Liam dapat melihat binar bahagia dari mata sang ibu mertua, seakan tiada lagi keinginan yang wanita paruh baya itu mau selain melihat semua anaknya sudah memiliki keluarga sendiri.
"Dari ketiga anak Mama, cuma Runa yang paling keras kepala, nggak mau kalah. Mungkin kamu juga sering lihat Mama sama Runa adu argumentasi, ya?" Wanita paruh baya itu malah terkekeh pelan. "Mama sadar mungkin sikap keras kepalanya itu juga karena kesalahan Mama dan ayahnya. Kami kurang kasih perhatian ke Runa, dan efeknya baru terasa ketika dia dewasa. Bukan lagi keras kepala, tapi hatinya juga mulai keras."
Liam tidak bisa membalas apa pun. Yang dikatakan oleh mertuanya memanglah benar. Pertahanan hati sang istri memang sulit sekali untuk dirobohkan, seakan dirinya dilarang untuk menyelami isi hati wanita tersebut. Apakah alasannya memang hanya karena itu? Atau ada hal yang lain?
"Sampai sekarang Runa masih aktif ngerokok ya, Lim?"
Pertanyaan sang ibu mertua membuatnya terkejut, pun pria itu tak langsung menjawab; seakan itu adalah rahasia yang harus dirinya simpan.
"Mama tau kok kalau dia ngerokok," lanjut paruh baya tersebut tanpa menunggu jawaban Liam. "Sejujurnya Mama marah pas pertama kali tau Runa ketahuan ngerokok. Apalagi dia perempuan. Bagi Mama, ngerokok buat perempuan itu hal yang tabu. Tapi akhirnya Mama berusaha pura-pura nggak tau, karena Mama sadar, Runa mungkin cuma mau melepas stres lewat rokok."
Tapi apa? Apa alasan 'stres' yang sepertinya selalu menggelayuti isi kepala wanita tersebut?
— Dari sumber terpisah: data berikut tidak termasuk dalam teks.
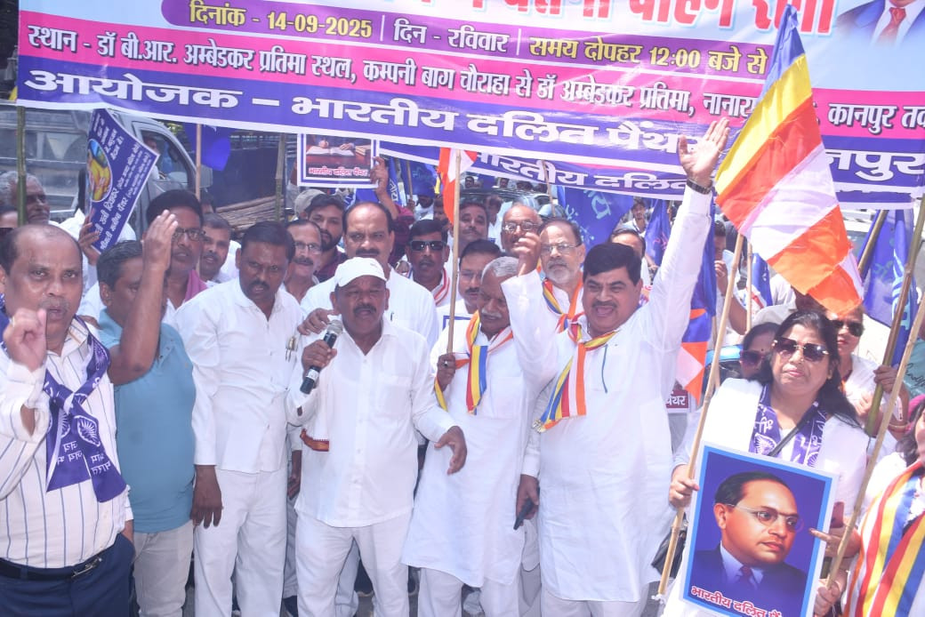 भारतीय दलित पैंथर कानपुर नगर ईकाई के तत्वावधान में डॉ बाबासाहेब भीमराव अंबेडकर प्रतिमा स्थल कंपनी बाग चौराहा से डॉ अंबेडकर "धम्म चेतना वाहन रैली" का आयोजन किया गया। डॉ अंबेडकर धम्म चेतना वाहन रैली का समापन अंबेडकर प्रतिमा स्थल नानाराव पार्क, कानपुर नगर में समाप्त हुई।धम्म चेतना वाहन रैली के संयोजक एवं भारतीय दलित पैंथर के प्रांतीय अध्यक्ष धनीराम पैंथर जी ने आए हुए जन समूह को संबोधित करते हुए बताया के विगत वर्षों के भांति इस वर्ष भी कृषि मंडी समिति पुखरायां कानपुर देहात में 32वें विशाल बौद्ध धम्म दीक्षा समारोह एवं डॉ आंबेडकर मेला का आयोजन दिनांक 2 अक्टूबर 2025 को किया जा रहा है जिसमें महान सम्राट महामानव रावण,अशोक सम्राट, तथागत गौतम बुद्ध व डॉ साहब भीमराव अंबेडकर की शोभा यात्रा निकाली जाएगी। जहां पर लगभग 10000 लोग हिंदू धर्म छोड़कर बौद्ध धर्म की दीक्षा ग्रहण करेंगे।कार्यक्रम में प्रमुख रूप से यशवंत सिंह यादव संस्थापक, अशोक यादव प्रदेश अध्यक्ष, साजिद सर, पास्टर जितेंद्र सिंह. इंजी, कोमल सिंह,डॉ संजय गुप्ता, विनोद पाल, सुभाष साहू, हरिओम खन्ना,सुधीर कुमार,चंदन निषाद,एम बी गौतम,शैलेंद्र कुमार प्रांतीय महासचिव,रमेश बौद्धाचार्य ,डॉ सुभाष चंद्र, आर ए गौतम,सतीश चंद्र, आनंद प्रकाश, शिव प्रताप बौद्ध, श्रवण कुमार,डॉ जे आर बौद्ध, हरिश्चंद्र,लाल जी गौतम,रवि गौतम, रामचंद्र निषाद, अरुण कुशवाहा,भगवान दीन वर्मा,राहुल गौतम,अजय वर्मा, जीतू सोनकर, कुनाल,रमेश कमल,सफीक सिद्दीकी,मीना वर्मा, राधेश्याम भारती,दीपक राज, सुभाष यादव,वरूण पैंथर,मुन्ना गौतम,सरवन कुमार पंकज झा,मुकेश गौतम,राहुल देव यादव, अनिल जायसवाल, अनिल प्रजापति, रोशन साहू, आशीष गुप्ता, विनीत कुमार, जय कठेरिया,सोनू टी स्टाल,रिंकू गौतम, मनीषा पैंथर, रानी दिवाकर,जीतू पैंथर, बीरेंद्र बहुजन, संदीप कुरील, पिंकी चंद्रा,सुधा गौतम, अर्चना,सुनीता, नवीन यादव, प्रदीप कुमार,परशुराम ,रिजवान, दीपक गौतम, जितेन्द्र संखवार,अवधेश कुमार,मस्तराम, पुनीत , अज्जू पैंथर सहित सैकड़ो लोग उपस्थित रहे।
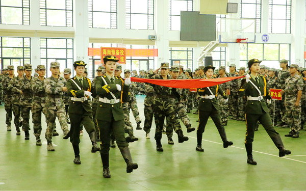 10月25日下午,我院2020级新生军训总结大会在体艺馆举行。学院副院长杨学前、文昌市武装部赵金路、各部门(系部)主要领导、全体承训官兵、参训新生参加大会。学生处处长主持大会。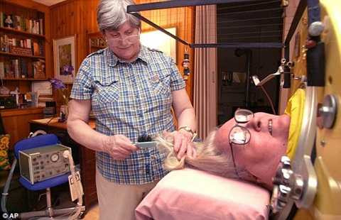 Với chiếc 'phổi' này, bà Martha không cần phải nằm ở viện nữa, song luôn có hai phụ tá trợ giúp.
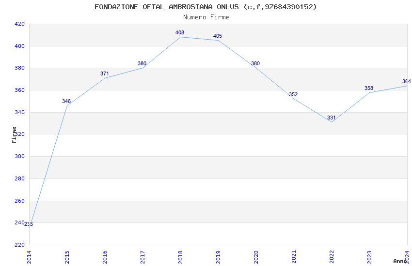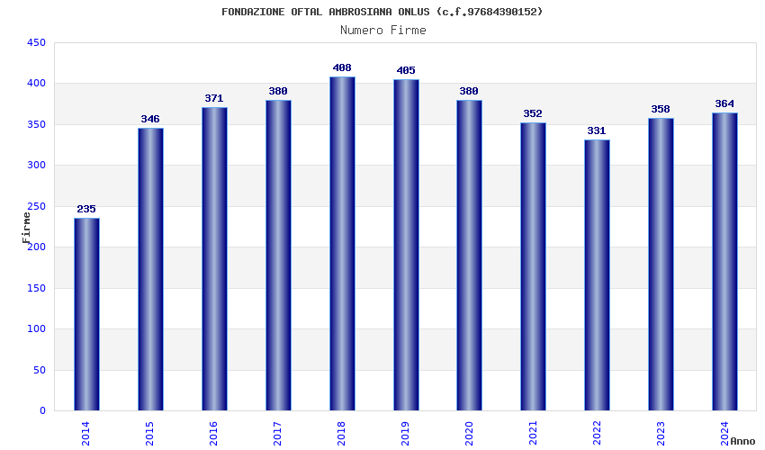 | Anno | Firme | Importi | Media | Naz. | Reg. | Prov. | Comu. |

"Suatu saat mungkin Runa akan cerita sama kamu, Lim. Mama minta maaf kalau keluarga kami nggak sempurna untuk kamu," Liam mengernyit saat mendengar tutur kalimat tersebut. "Mama benar-benar berharap Runa bisa luluh sama kamu. Jadi, Mama boleh minta tolong, Lim? Tolong jaga anak Mama, ya? Tolong bersabar kalau Runa sudah mengeluarkan sifat keras kepalanya. Tolong ... jadi rumah yang nyaman untuk anak Mama ya, Lim? Karena Mama tau, kami nggak bisa menciptakan hal itu untuk Runa."
***
Liam tak dapat menghitung seberapa lama sang istri menangis, sehingga dirinya membawa wanita itu untuk duduk di atas ranjang; meletakkan posisi kaki Runa di atas pahanya agar dirinya masih leluasa untuk memeluk wanita tersebut dari arah samping.
Kendati saat ini Runa sudah tak lagi menangis, dirinya masih betah untuk menyandarkan kepala di bahu pria tersebut. Deru napas Liam yang terdengar dalam rungu membuatnya cukup tenang.
"Kangen mama," lirih sang istri dengan pelan. Dua kata tersebut seakan mengandung belati yang baru saja menusuk relungnya.
Liam semakin menguatkan rengkuhannya; seakan tengah menghantarkan kekuatan di dalamnya.
"Mama ... beneran udah nggak ada ya, 'A?" tanya wanita itu dengan suara paraunya. Liam tidak menjawab, pria itu hanya berusaha mengusap jejak air mata yang melewati pipi sang istri. "Kenapa nggak aku dulu aja yang pergi? Kenapa harus mama duluan?"
"Hush. Nggak boleh ngomong kayak gitu," tegur sang suami dengan nada pelan. "Mama pergi lebih dulu karena udah ketetapan mutlak, nggak bisa diubah. Sedih boleh, itu wajar. Tapi harus ikhlas, ya? Suatu saat pasti kita ketemu lagi sama mama."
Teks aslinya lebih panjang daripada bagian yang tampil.